Books that embrace special needs or even “hidden disabilities” like ADHD, ADD, and anxiety.

taken from Multicultural Childresn’s Book day website

“A Wish in the Dark” is a multicultural book because the author is of Thai-descent. The book takes places in Thailand and the character names are Thai-inspired. A Wish in the dark shares a glimpse about Thai culture like food they eat, way people are dressed, and shares about Buddhism. This book raises questions about a person’s worth with themes about justice, privilege and standing up for what you believe.

Brief Summary

A boy on the run. A girl determined to find him. A compelling fantasy looks at issues of privilege, protest, and justice.

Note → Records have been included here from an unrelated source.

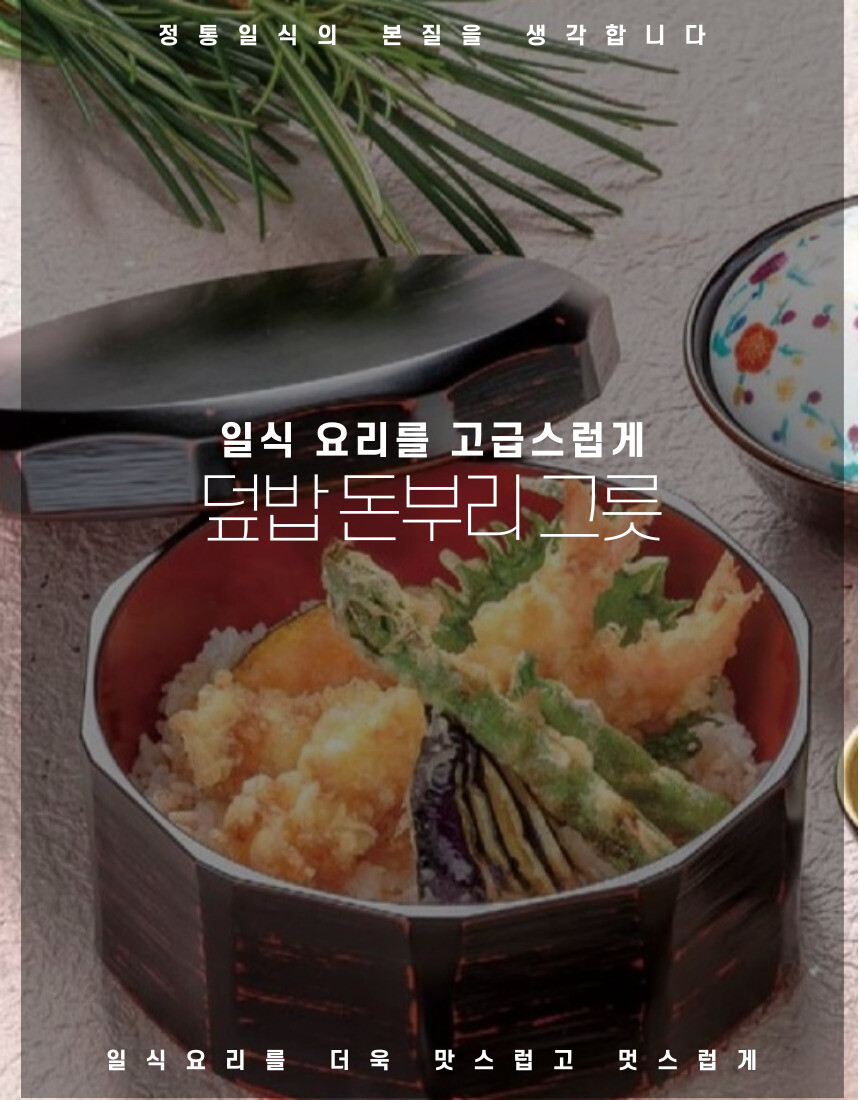 일식 덮밥 히츠마부시 텐동 카이센동/ 원형 돈부리 그릇 - 다크브라운 (6-876-2)
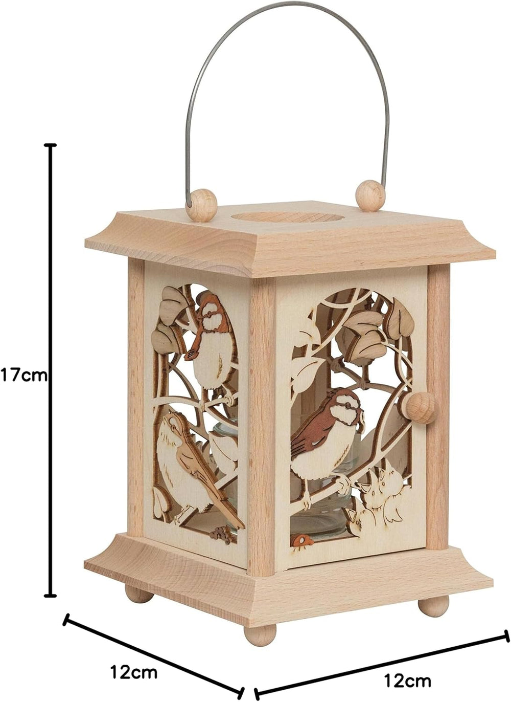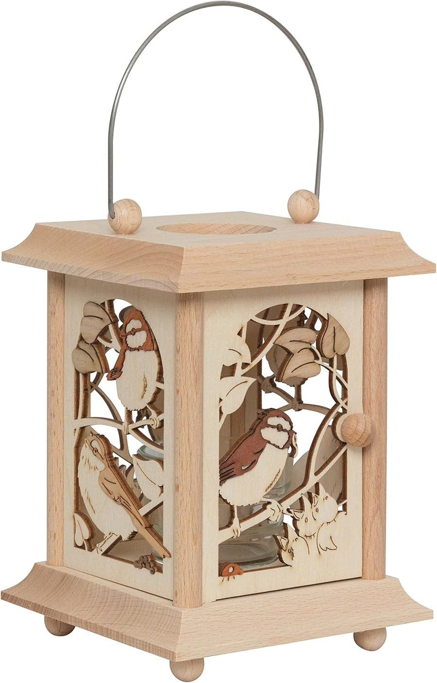 Drechslerei Kuhnert Tischlaterne/Teelichthalter - Motiv: Vögel aus Edelholz - Masse: 11,5 x 11,5 x 1
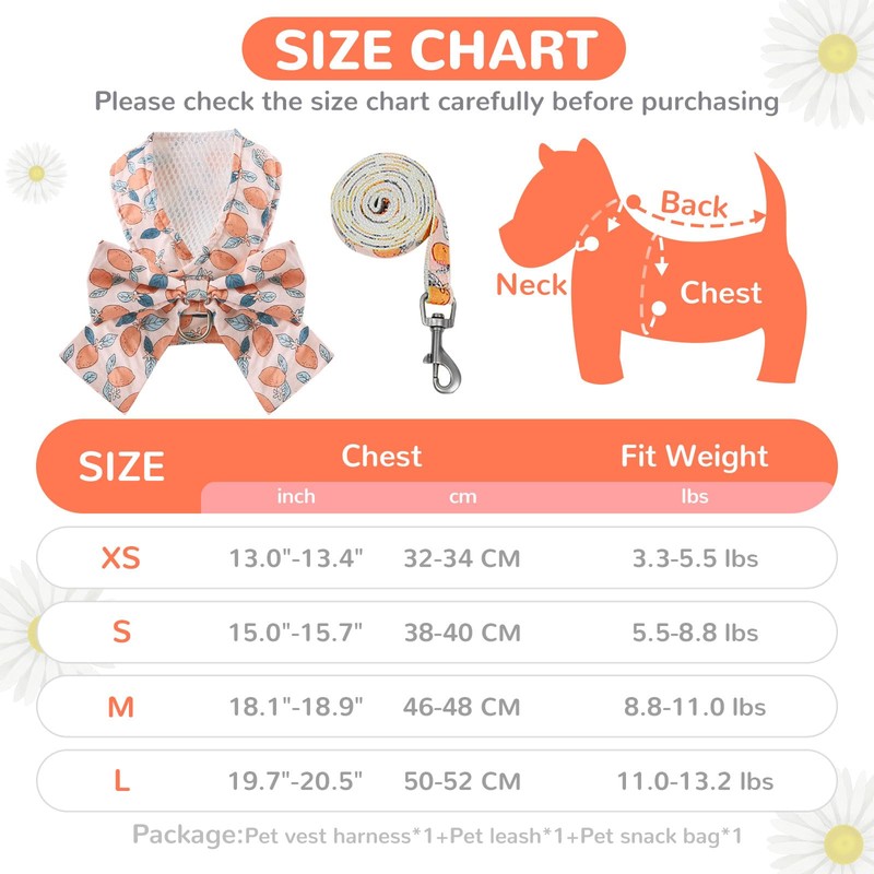 - Pretty Dog Harness Leash Set:This dog harness with a large bow and flower pattern design is fashionable.With daisy pattern, this dog vest harness becomes more beautiful.Put it on and your dog girl will instantly become an elegant and beautiful princess
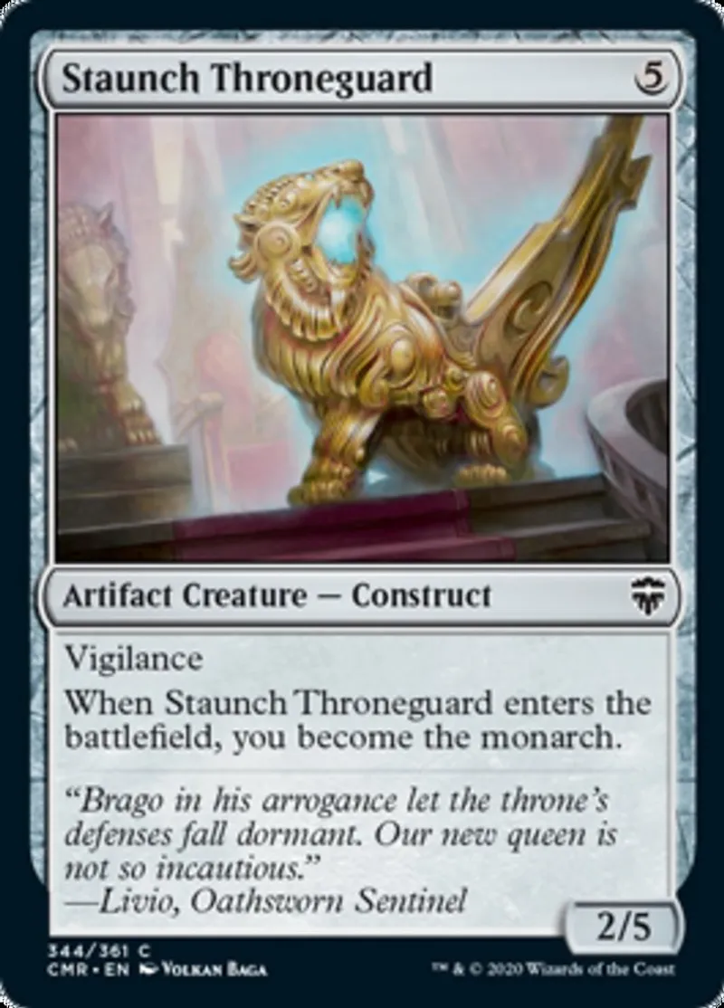 When Staunch Throneguard enters the battlefield, you become the monarch. | ||
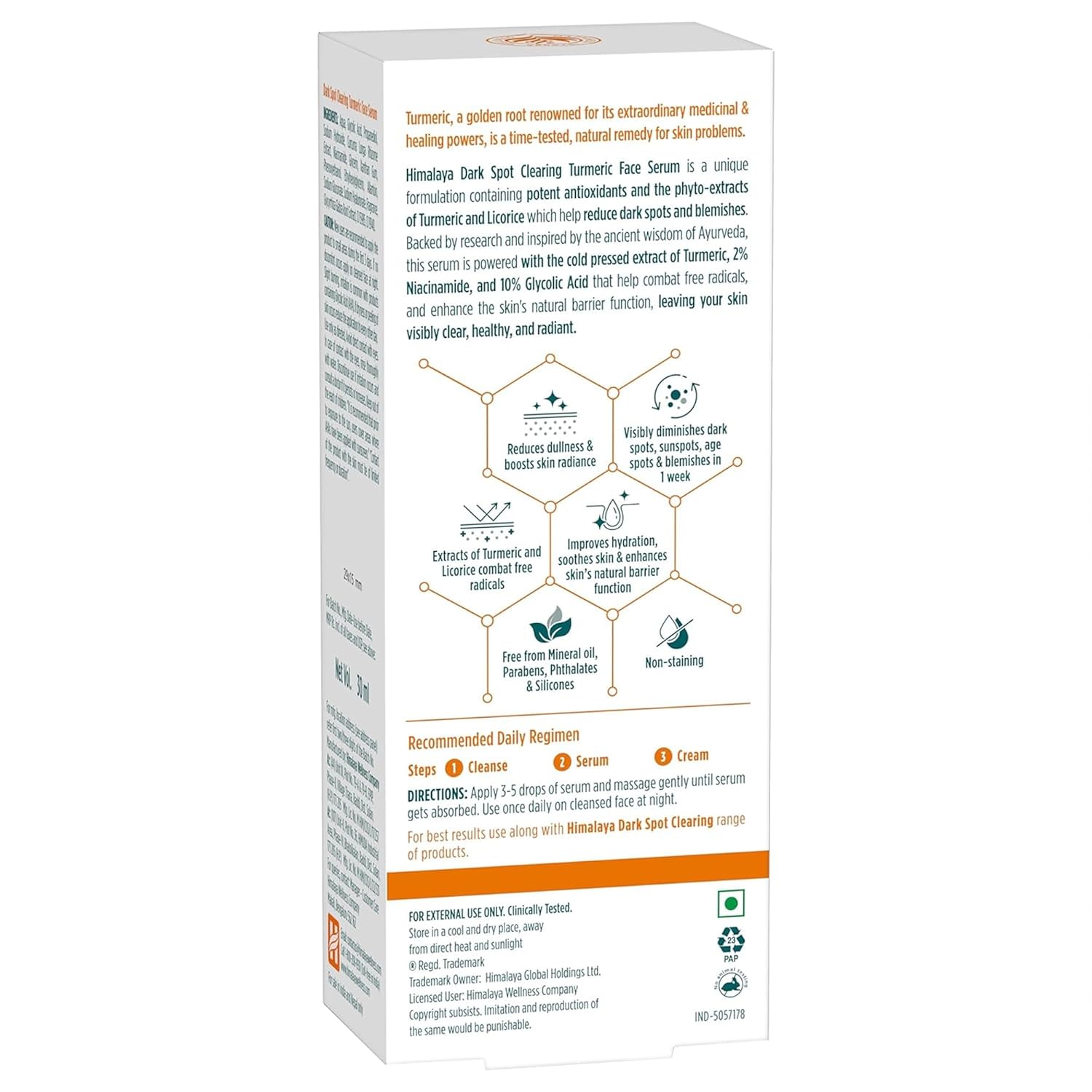 Himalaya Dark Spot Clearing Turmeric Face Serum is a unique formulation containing potent antioxidants and the phyto-extracts of Turmeric and Licorice which help reduce dark spots and blemishes.
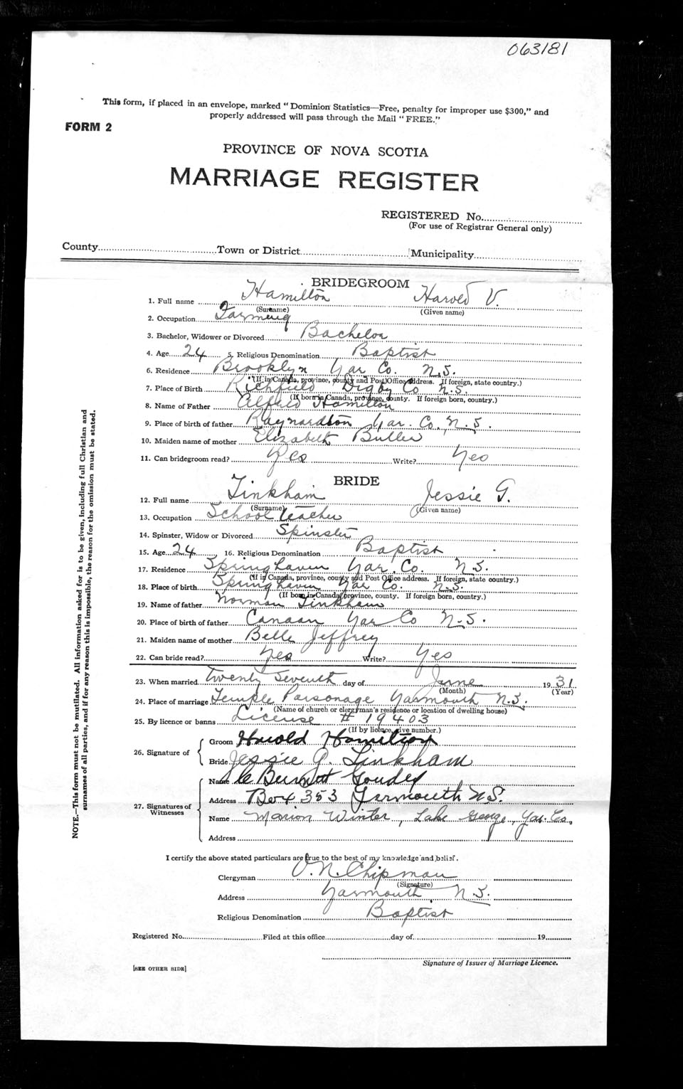 Registration: Year: 1931 number: 63181

All light in Chattana is created by one man — the Governor, who appeared after the Great Fire to bring peace and order to the city. For Pong, who was born in Namwon Prison, the magical lights represent freedom, and he dreams of the day he will be able to walk among them. But when Pong escapes from prison, he realizes that the world outside is no fairer than the one behind bars. Nok, the prison warden’s perfect daughter, is bent on tracking Pong down and restoring her family’s good name. But as Nok hunts Pong through the alleys and canals of Chattana, she uncovers secrets that make her question the truths she has always held dear. Set in a Thai-inspired fantasy world, Christina Soontornvat’s twist on Victor Hugo’s Les Misérables is a dazzling, fast-paced adventure that explores the difference between law and justice — and asks whether one child can shine a light in the dark.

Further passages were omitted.